■ **EXERCISE DESCRIPTION**
Below are the entries. Print only the lines starting at the one with "1、在宁聚社区的注册页面,首" and ending at the one with "内側に広がる青釉は、まるで水", exactly, with no pictures.

Collected data entries
********************

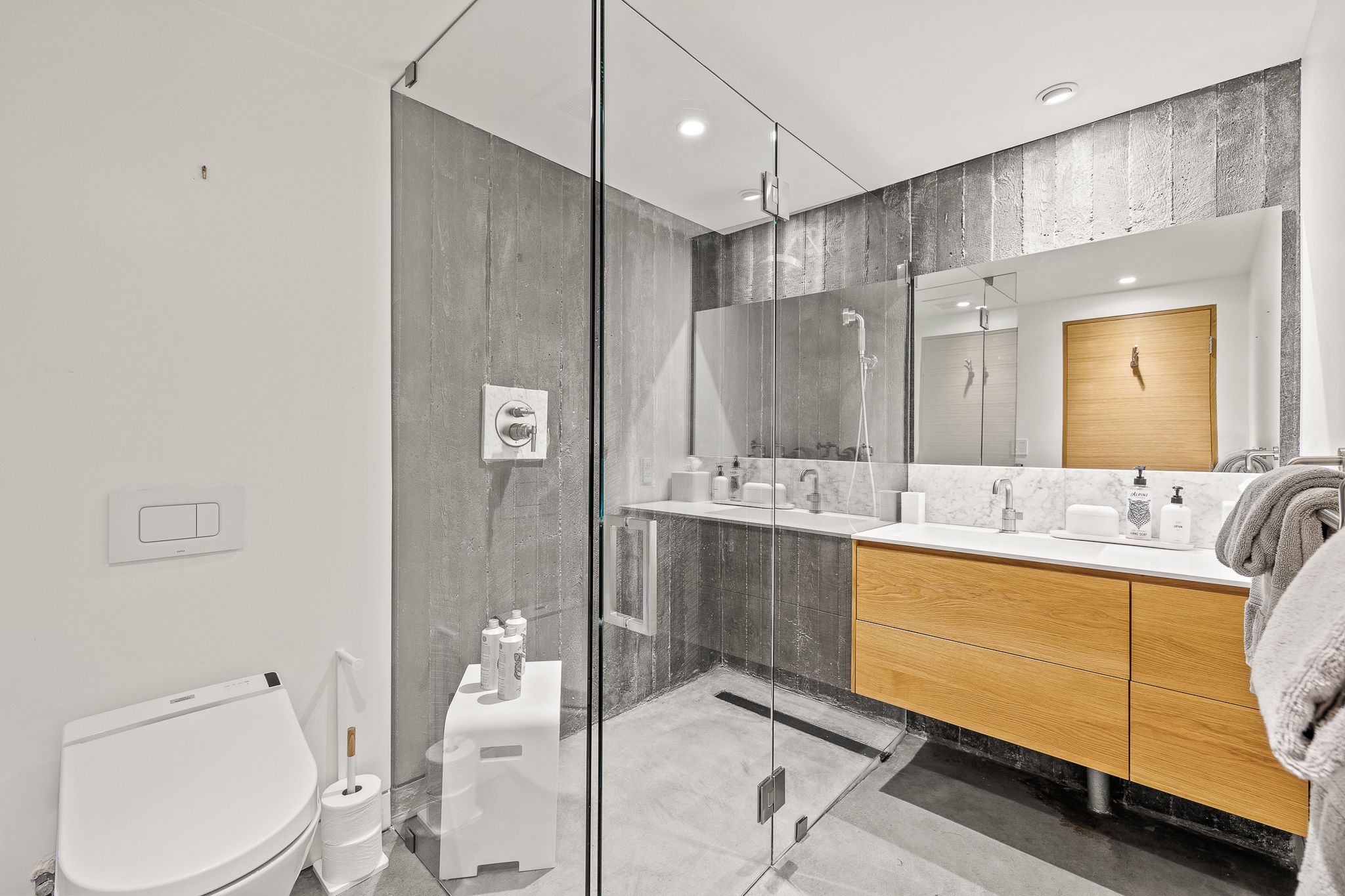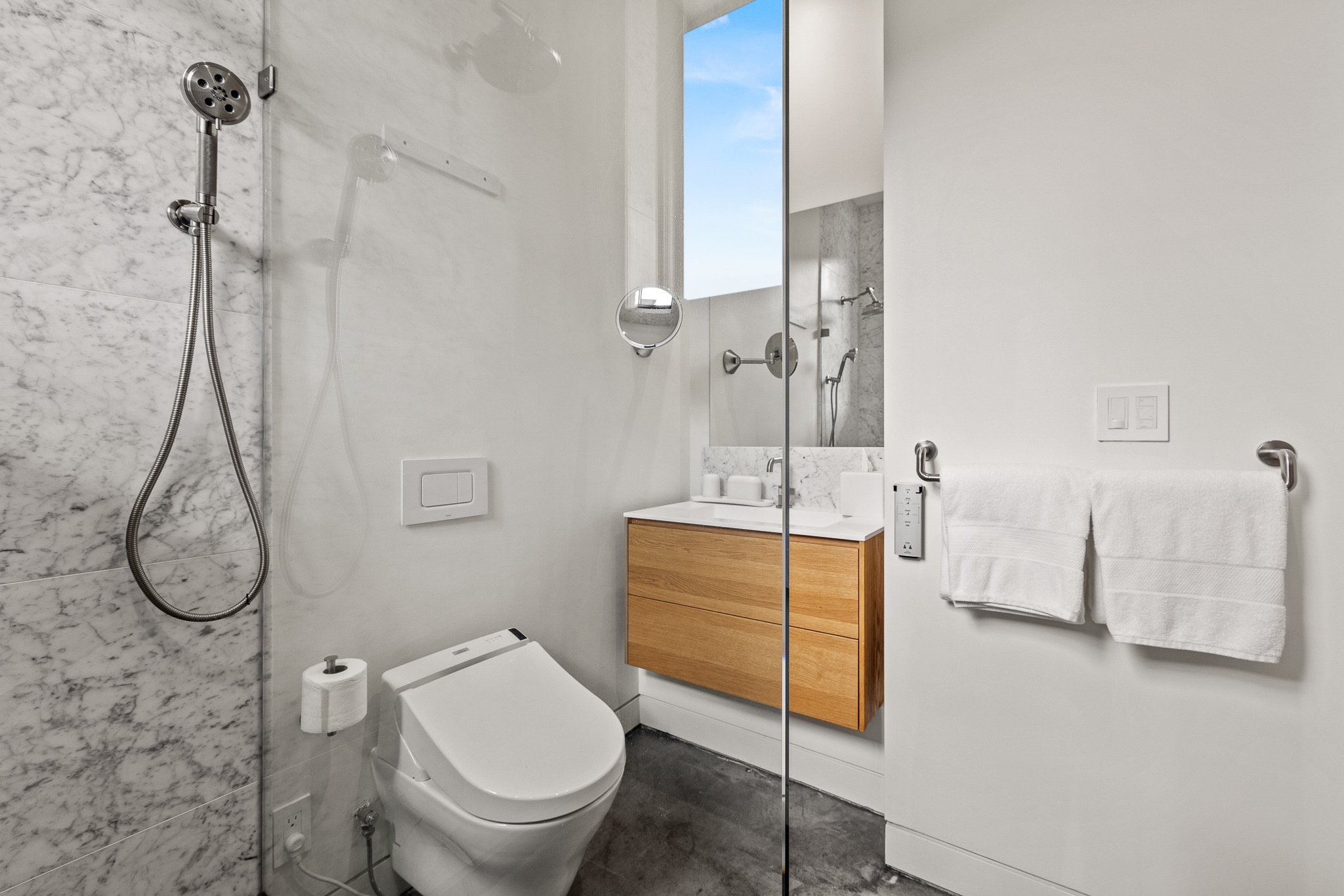 The two king bedrooms on the main floor boast walk-in closets and ensuite bathrooms, creating an atmosphere of refined comfort. Each bathroom is equipped with a remote-controlled heated bidet wash system, providing a touch of modern luxury.
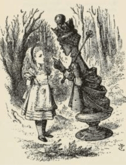 “She’s coming!” cries Carroll’s Larkspur. “I hear her footstep, thump, thump, thump, along the gravel-walk!”
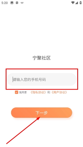 1、在宁聚社区的注册页面,首先需要在输入框中填写号码,接着勾选同意《隐私协议》与《用户协议》,随后点击“下一步”按钮,就能继续推进注册流程。
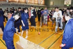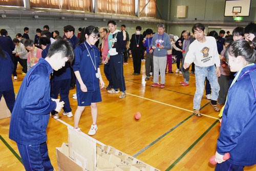 [写真/歯舞中の生徒考案のゲームを楽しむ園生ら ]
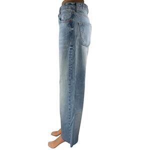 Zara Women's Blue High Waist Frayed Raw Hem Baggy Wide Leg Denim Jeans Pants 6
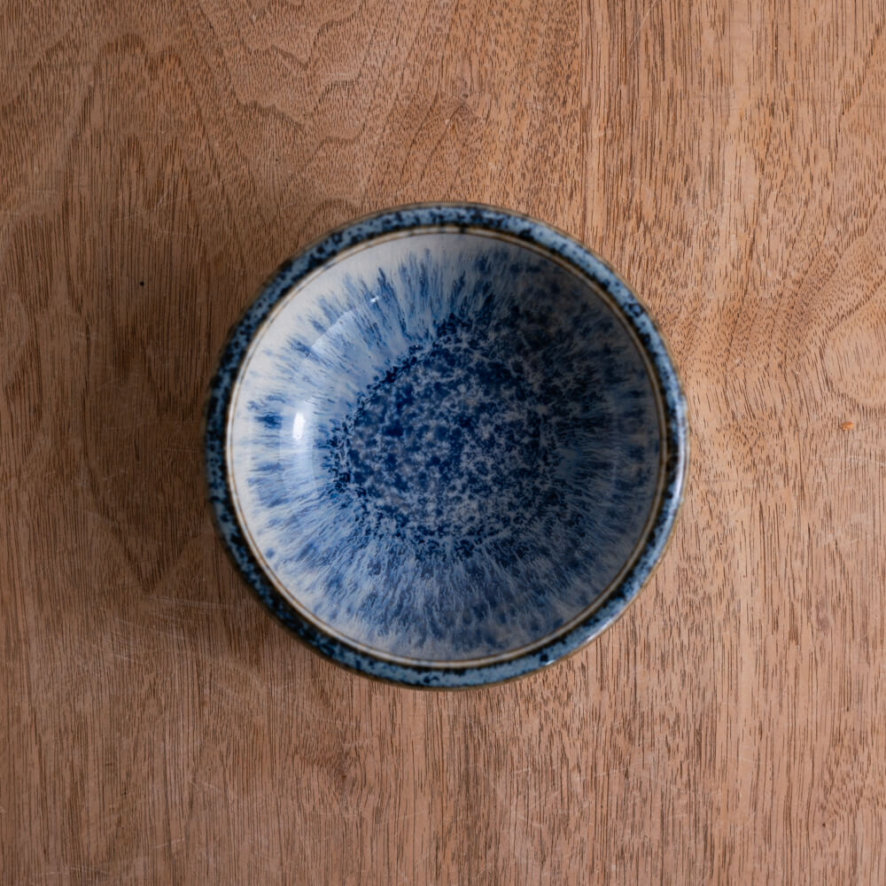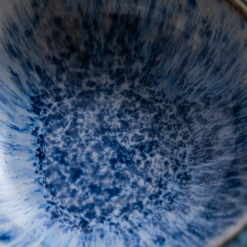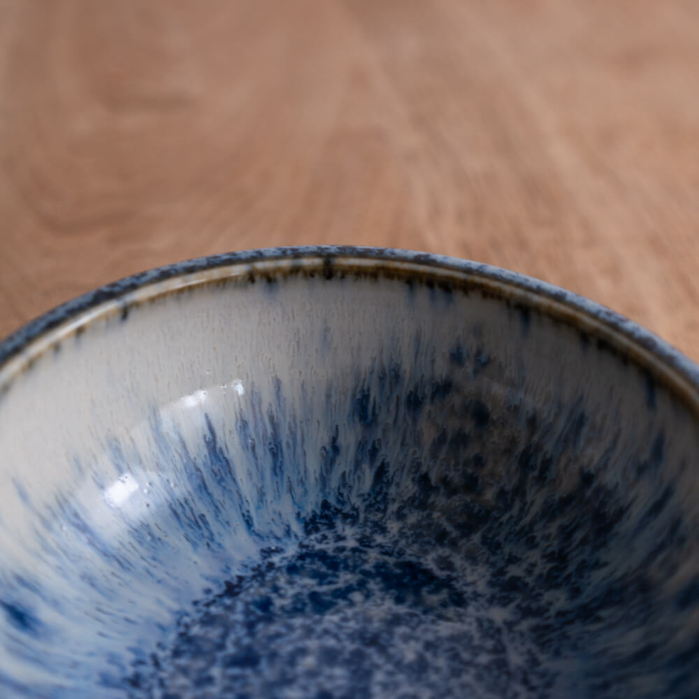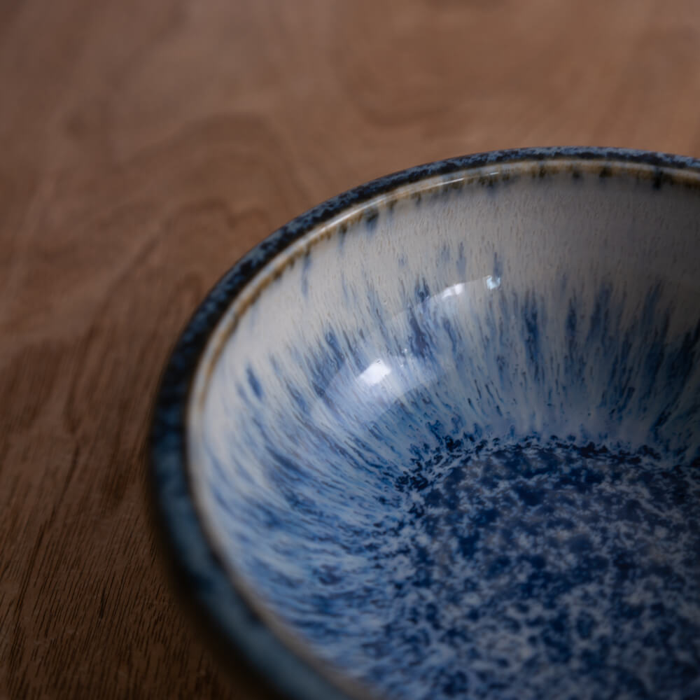内側に広がる青釉は、まるで水しぶきが弾けるように細かい結晶模様をつくり、中心へ向かうほど濃く深く。外側に向けては淡く、透明釉との重なりによって柔らかいグラデーションが生まれています。光の入り方で表情が変わり、料理を盛ったときも自然と視線を引き寄せてくれます。
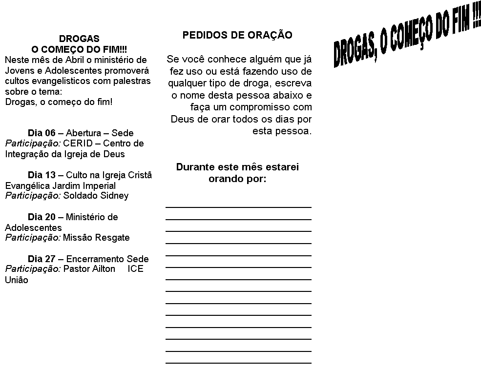 atração principal na festa da romaria em trindade! A Romaria de Trindade - Goiás acontece na primeira semana de julho. São mais de 500 mil romeiros que vêm de várias cidades e estados para a festa do Divino Pai Eterno. Nesta ano a romaria vai ser diferente. Os romeiros não vão apenas participar das missas, mas terão a oportunidade de conhecer a verdadeira história de Jesus. Junto à organização do evento estaremos utilizando 17 telões durante a romaria para projetar o filme Jesus. As projeções serão realizadas antes e após as missas, inclusive dentro do Santuário Novo. Estamos mobilizando mais de 350 voluntários para este trabalho de evangelização pessoal e para a distribuição de fitas de vídeo. Que tal participar conosco deste evento? Maiores informações me envie um e-mail ou pelo telefone 062-2517461 - falar com Luis Valter _ Diretor do Projeto Filme Jesus na Região Centro-Oeste. O ministério filme Jesus é um ministério da Cruzada Estudantil e Profissional para Cristo. Igreja Cristã
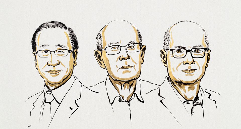 Illustration der diesjährigen Nobelpreisträger Susumu Kitagawa,Richard Robson und Omar Yaghi (von links nach rechts): Die Auszeichnung ist mit umgerechnet rund einer Million Euro dotiert
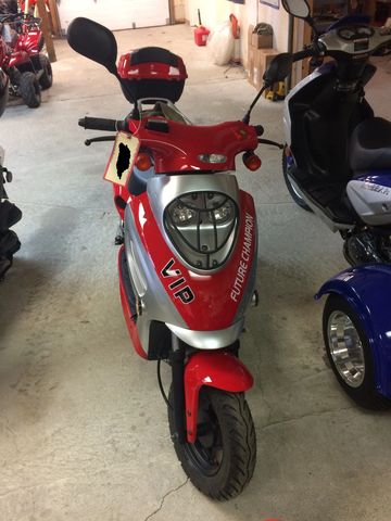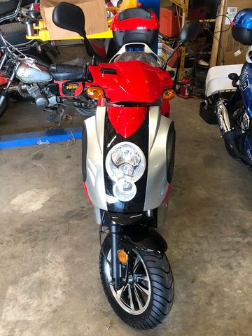 This is a new 50 CC red, black, and silver Tao Tao VIP 50 Scooter. It has an automatic transmission with an air-cooled, single-cylinder engine. It has both electric and kick starts and has both hydraulic disk front brakes and drum rear brakes.
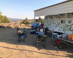 The truck was extra thirsty this trip, so we got gas again in town before heading out 139. With the stop in Red Bluff, gas stops, load maintenance stops, Steve falling out of the truck, and the detour, it took us almost 8 hours to get up to the property. It was awesome to come up the hill and see 4 rigs up there already and be greeted by Mike, Tom, Bill, and Kevin as opposed to me almost always being the first up. It was awesome to see the guys and have such a great sense of being together in addition to the relief of finally making it up top with our load in place. It was also great to just be able to open the trailer door and throw my bedding and clothes inside and be done. Steve set up in the cabin and we were ready to unload and get into a better space.
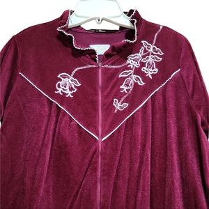 Vintage Katz zip front closure with two side pockets and white embroidery details. See pictures for normal wear. Smoke and pet free home. EUC
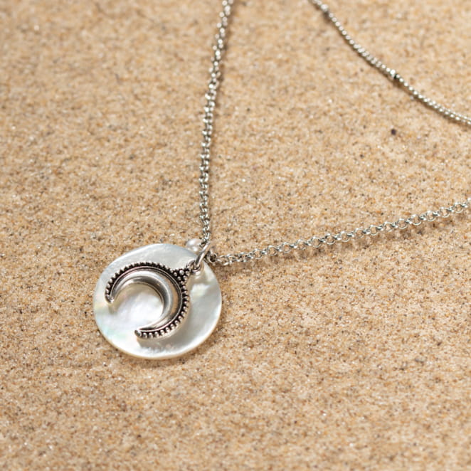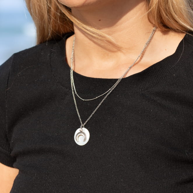 Découvrez le collier multirang Corne : un bijou argenté sophistiqué avec un pendentif rond en nacre blanche. voir plus
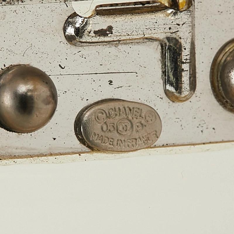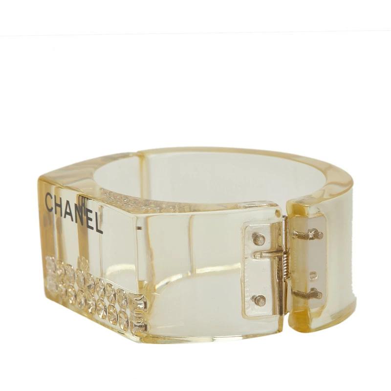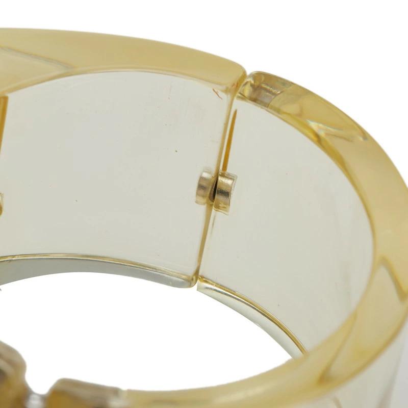 Pre-owned Chanel logo bangle in yellow, clear plastic, and rhinestones.

********************

■ **YOUR SOLUTION**
 1、在宁聚社区的注册页面,首先需要在输入框中填写号码,接着勾选同意《隐私协议》与《用户协议》,随后点击“下一步”按钮,就能继续推进注册流程。
 [写真/歯舞中の生徒考案のゲームを楽しむ園生ら ]
 Zara Women's Blue High Waist Frayed Raw Hem Baggy Wide Leg Denim Jeans Pants 6
内側に広がる青釉は、まるで水しぶきが弾けるように細かい結晶模様をつくり、中心へ向かうほど濃く深く。外側に向けては淡く、透明釉との重なりによって柔らかいグラデーションが生まれています。光の入り方で表情が変わり、料理を盛ったときも自然と視線を引き寄せてくれます。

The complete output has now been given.